BEGIN Source records

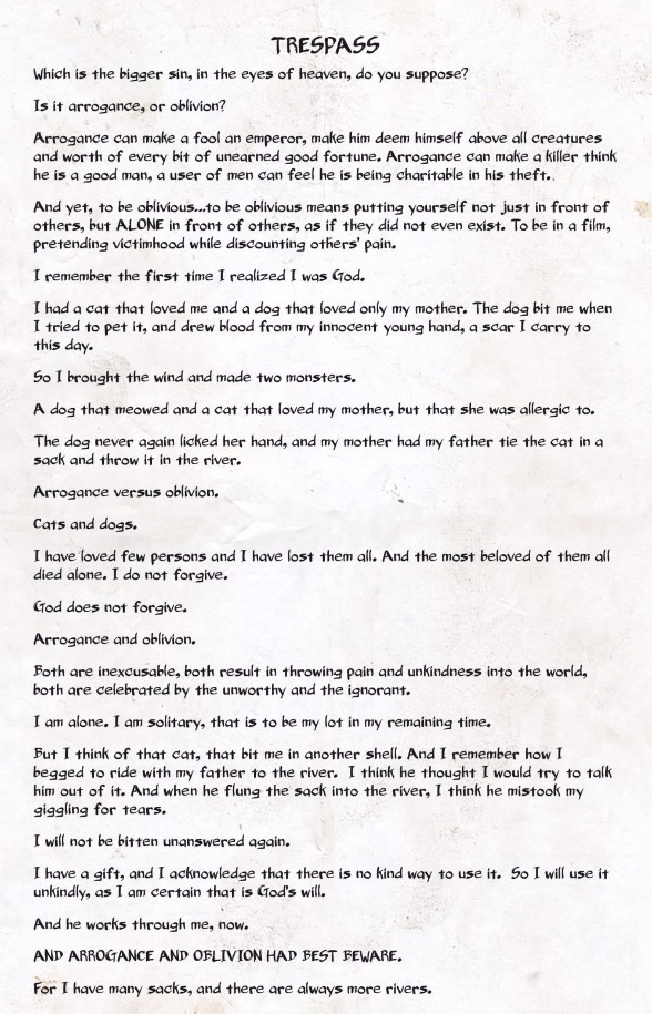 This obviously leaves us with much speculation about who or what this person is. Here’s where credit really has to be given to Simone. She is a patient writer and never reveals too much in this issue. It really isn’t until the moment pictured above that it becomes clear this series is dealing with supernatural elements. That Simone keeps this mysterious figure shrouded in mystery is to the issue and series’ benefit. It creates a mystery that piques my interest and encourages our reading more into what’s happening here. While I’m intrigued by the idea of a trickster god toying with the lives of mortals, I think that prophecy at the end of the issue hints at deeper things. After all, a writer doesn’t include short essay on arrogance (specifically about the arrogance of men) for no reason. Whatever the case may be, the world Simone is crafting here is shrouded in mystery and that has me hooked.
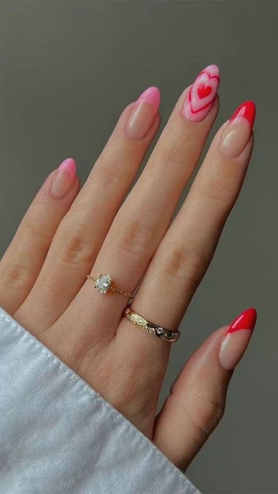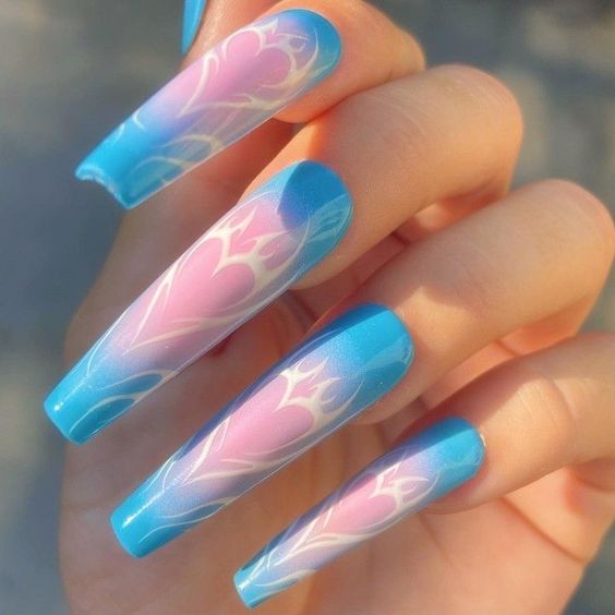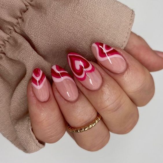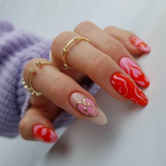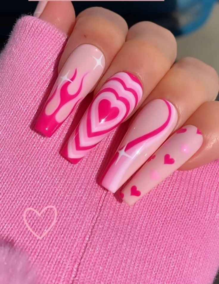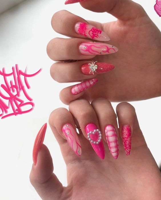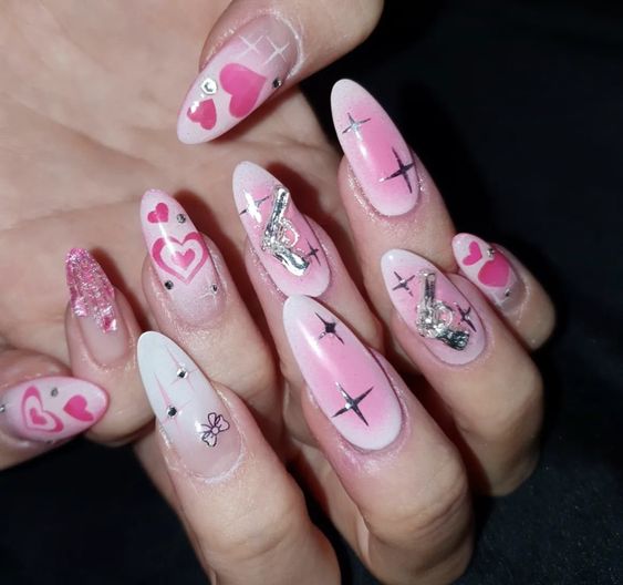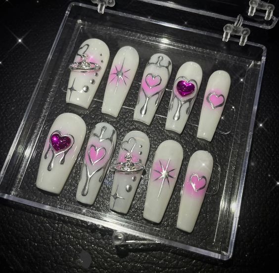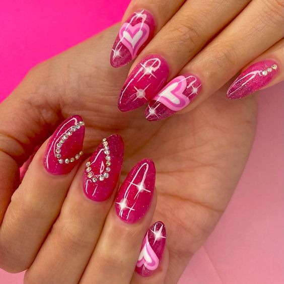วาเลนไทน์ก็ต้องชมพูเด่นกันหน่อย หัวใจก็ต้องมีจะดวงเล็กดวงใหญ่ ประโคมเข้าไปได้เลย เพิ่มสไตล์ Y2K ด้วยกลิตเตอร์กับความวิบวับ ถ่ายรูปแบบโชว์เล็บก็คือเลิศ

END Source records
BEGIN Source records

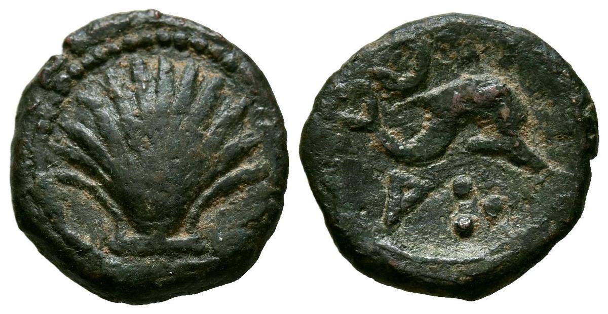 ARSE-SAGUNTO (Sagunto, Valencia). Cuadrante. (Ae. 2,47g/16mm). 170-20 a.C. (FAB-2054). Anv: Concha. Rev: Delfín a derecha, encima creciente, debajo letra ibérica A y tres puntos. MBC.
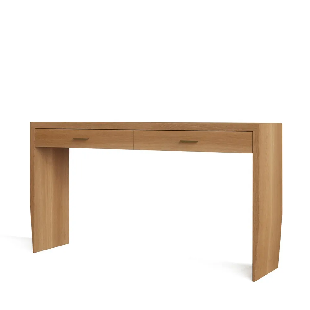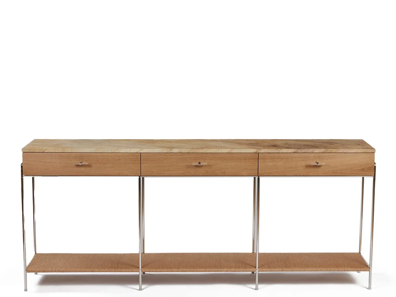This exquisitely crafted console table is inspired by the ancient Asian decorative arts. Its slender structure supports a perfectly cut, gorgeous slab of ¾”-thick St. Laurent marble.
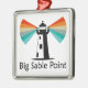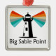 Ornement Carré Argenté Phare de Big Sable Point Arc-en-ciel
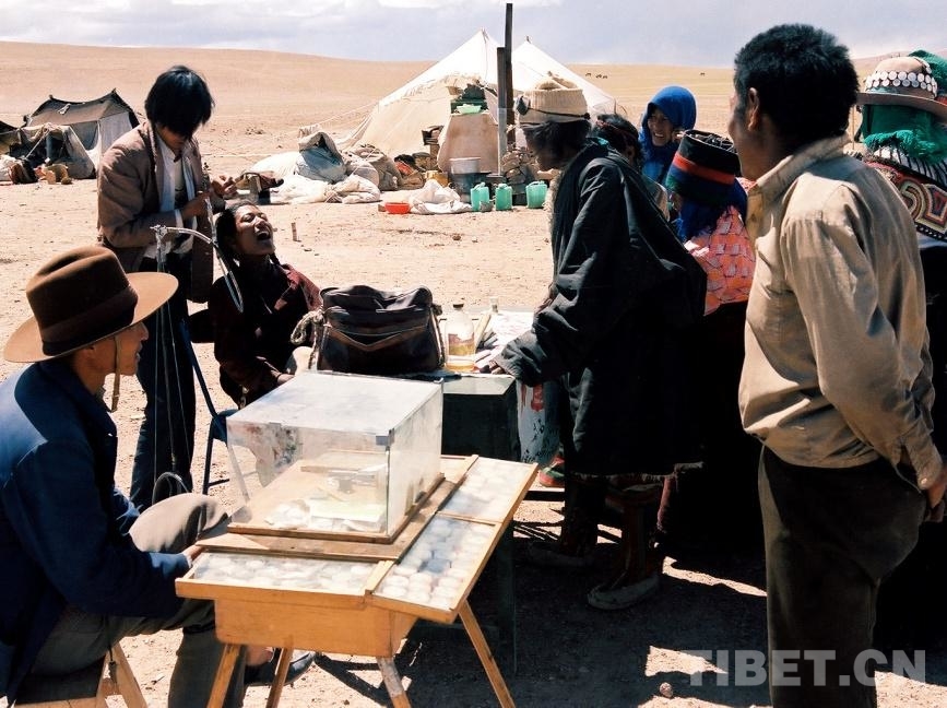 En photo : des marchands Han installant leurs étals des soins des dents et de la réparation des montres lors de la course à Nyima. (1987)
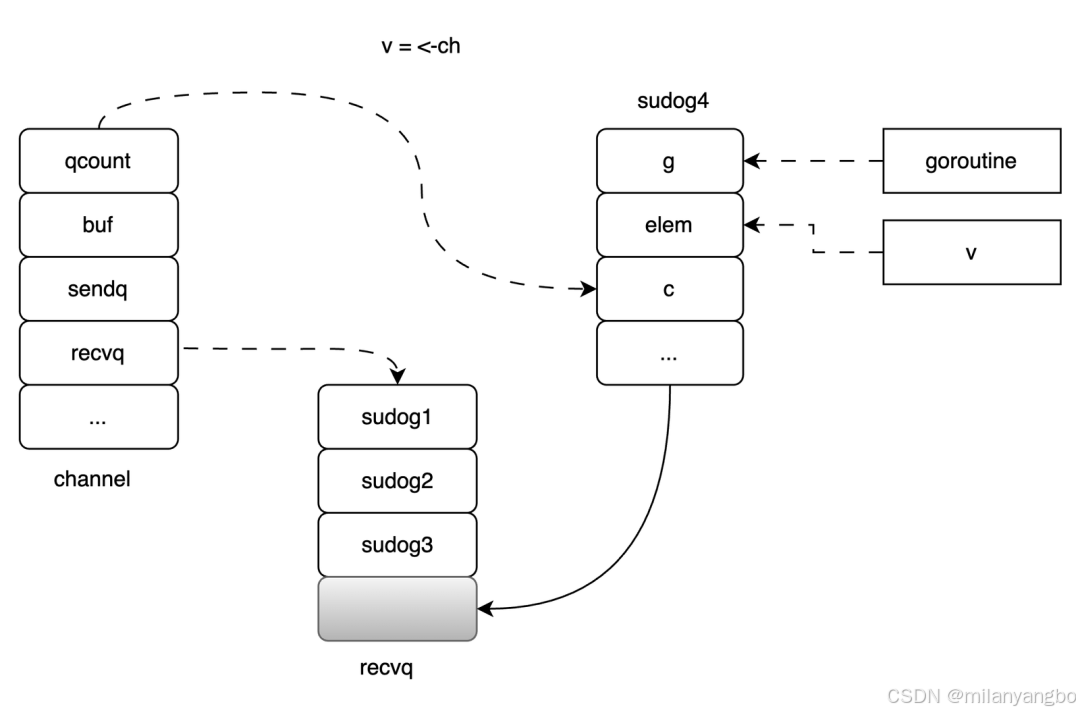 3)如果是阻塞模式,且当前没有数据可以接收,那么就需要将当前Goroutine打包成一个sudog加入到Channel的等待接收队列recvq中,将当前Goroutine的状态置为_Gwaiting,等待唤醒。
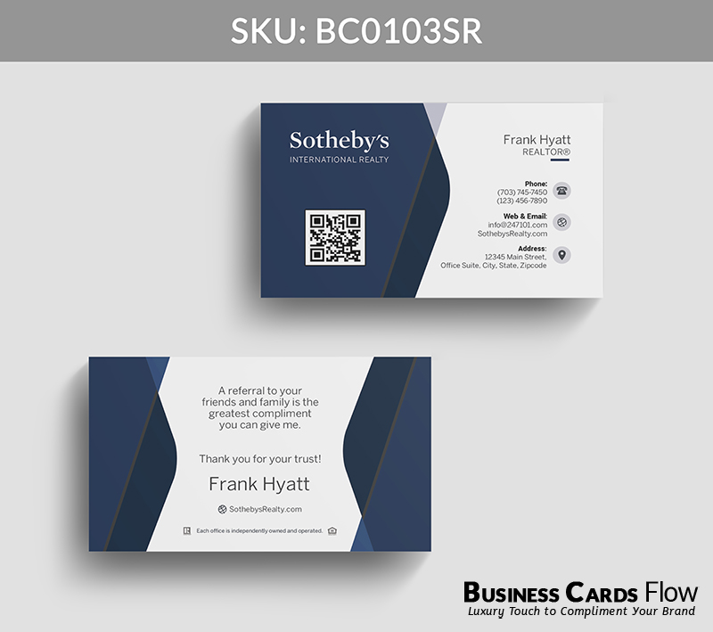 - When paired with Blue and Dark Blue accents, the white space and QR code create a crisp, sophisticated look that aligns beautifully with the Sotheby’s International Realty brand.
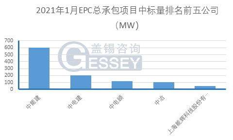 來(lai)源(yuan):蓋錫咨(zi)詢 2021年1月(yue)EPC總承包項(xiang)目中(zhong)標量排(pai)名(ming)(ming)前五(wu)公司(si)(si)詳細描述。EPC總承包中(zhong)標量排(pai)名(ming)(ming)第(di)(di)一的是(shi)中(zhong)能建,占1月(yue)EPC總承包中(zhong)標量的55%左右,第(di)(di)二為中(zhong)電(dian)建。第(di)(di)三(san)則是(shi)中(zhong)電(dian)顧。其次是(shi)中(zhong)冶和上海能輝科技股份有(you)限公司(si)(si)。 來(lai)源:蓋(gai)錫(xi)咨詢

END Source records

**What you need to do**: Exactly reproduce the lines above, starting at the one that contains "3)如果是阻塞模式,且当前没" and ending at the one that contains "- When paired", both inclusive; leave the pictures out and add no other lines.

**Response to this exercise**:
 3)如果是阻塞模式,且当前没有数据可以接收,那么就需要将当前Goroutine打包成一个sudog加入到Channel的等待接收队列recvq中,将当前Goroutine的状态置为_Gwaiting,等待唤醒。
 - When paired with Blue and Dark Blue accents, the white space and QR code create a crisp, sophisticated look that aligns beautifully with the Sotheby’s International Realty brand.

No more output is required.